Impactos das condições climáticas na agricultura europeia

O calor intenso, a escassez de chuva e os incêndios florestais geraram uma onda de preocupação sobre a agricultura na Europa. As revisões das estimativas de produtividade agrícola indicam que o calor e a falta de água têm sido os principais responsáveis pelas perdas, enquanto os danos causados pelos incêndios ainda estão sendo avaliados.
De acordo com o Centro Comum de Investigação da Comissão Europeia, as altas temperaturas encurtaram o período necessário para o enchimento dos grãos de inverno, resultando em uma antecipação da colheita em diversos países. As previsões de produtividade para essas culturas foram reduzidas entre 1% e 4%, deixando a expectativa geral para os cereais 1% abaixo da média dos últimos cinco anos.
✨ As melhores previsões foram observadas para as culturas de primavera e verão, que enfrentam maiores dificuldades devido ao calor extremo.

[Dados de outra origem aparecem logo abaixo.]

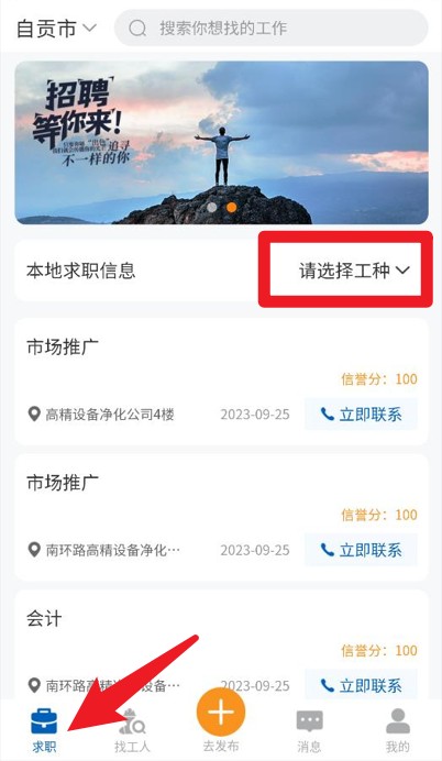 1、點擊底部求職按鈕可查看本地招聘信息,選擇工種篩選職位并快速聯系雇主。
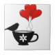 Whimsical graphic features teacup and finch silhouette with red heart balloons.
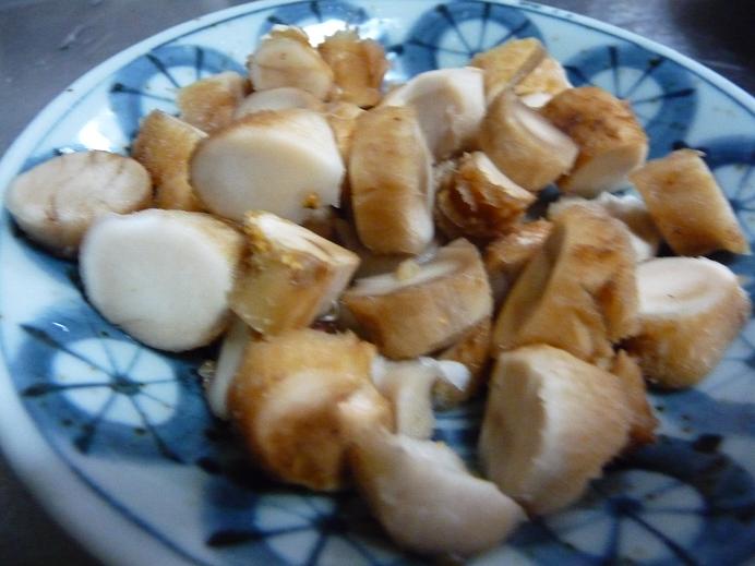 - いしづきは輪切りにする。(⇒傘は味噌マヨネーズ焼きにしました。)
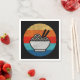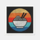 Illustration de ramen de style rétro avec nouilles et baguettes sur un arrière - plan de coucher de soleil de style rétro coloré dans les couleurs jaune, orange, rouge, turquoise et bleu
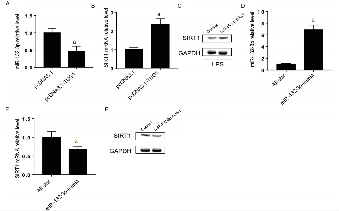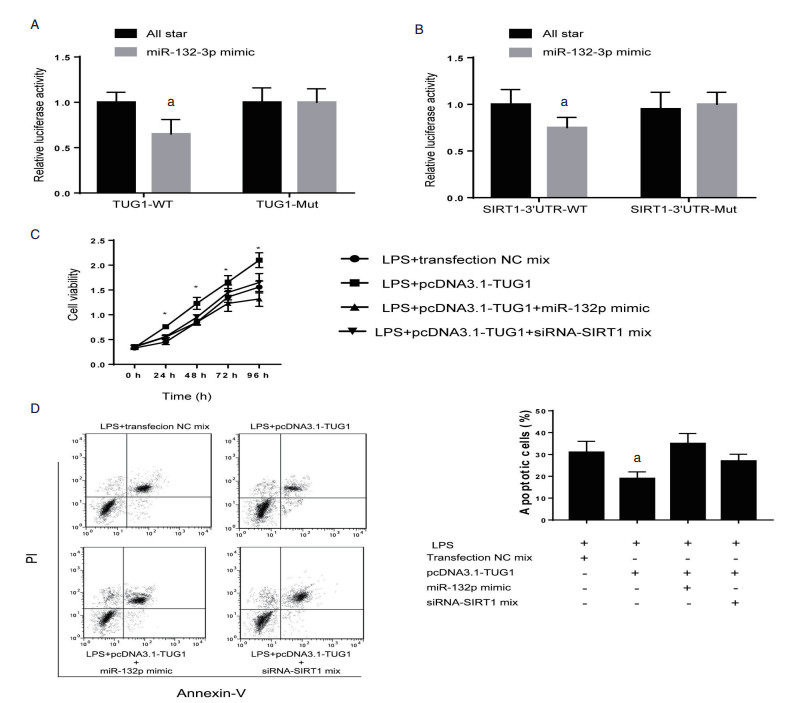 1.5 qRT-PCRTrizol试剂提取LPS处理24 h或转染48 h后的各组细胞的总RNA。对总RNA样本进行质量及定量检测后进行cDNA的反转录。为检测LncRNA-TUG1和SIRT1 mRNA,提取的RNA使用RevertAid H Minus Reverse Transcriptase试剂盒进行反转录,得到的cDNA使用SYBR Green qPCR Master试剂盒进行扩增定量。LncRNA-TUG1的上游引物为:5’-TAGCAGTTCCCCAATCCTTG-3’下游引物为:5’- CACAAATTCCCATCATTCCC-3’。SIRT1的上游引物为:5’- TAGCCTTGTCAGATAAGGAAGGA-3’下游引物为:5’- ACAGCTTCACAGTCAACTTTGT-3’。内参GAPDH的上游引物为:5’- TGTGGGCATCAATGGATTTGG-3’下游引物为:5’- ACACCATGTATTCCGGGTCAAT-3’。为检测miR-132-3p,总RNA使用miRNA First Strand cDNA合成试剂盒进行反转录。合成的cDNA使用MicroRNAs qPCR试剂盒进行扩增定量;miR-132-3p的上游引物为:5’- TAACAGTCTACAGCCATGGTCG-3’下游引物为试剂盒内通用引物。内参U6的上游引物为:5’- CTCGCTTCGGCAGCACA-3’下游引物为:5’- AACGCTTCACGAATTTGCGT-3’。目的基因的相对表达量采用2-△△CT法进行计算。

Culturas como milho e girassol sofreram quedas em suas projeções de rendimento, com reduções esperadas de 6% a 7%. Na França, as repetidas ondas de calor e a escassez de água impactaram principalmente as áreas do oeste. Já na Itália, na região do norte e centro, o milho teve perdas significativas devido ao calor durante o período crítico de floração.
Além da França e Itália, Hungria, Áustria, Eslováquia, República Tcheca e partes da Alemanha também enfrentam perda de umidade no solo, o que levanta preocupações sobre a produção de culturas de verão.
Enquanto isso, incêndios florestais continuam a avançar em partes da França, Espanha e Grécia. Dados de 1º de agosto mostram que cerca de 119 mil hectares na França foram afetados pelo fogo, incluindo áreas não exclusivamente agrícolas. Na Espanha, incêndios atingiram mais de 70 mil hectares, focando nas regiões de Madri e Ávila.
Na Grécia, alguns danos às terras agrícolas e rebanhos já foram confirmados, principalmente em Creta e na Beócia, mas ainda não há cálculos precisos sobre as perdas financeiras para a agricultura local.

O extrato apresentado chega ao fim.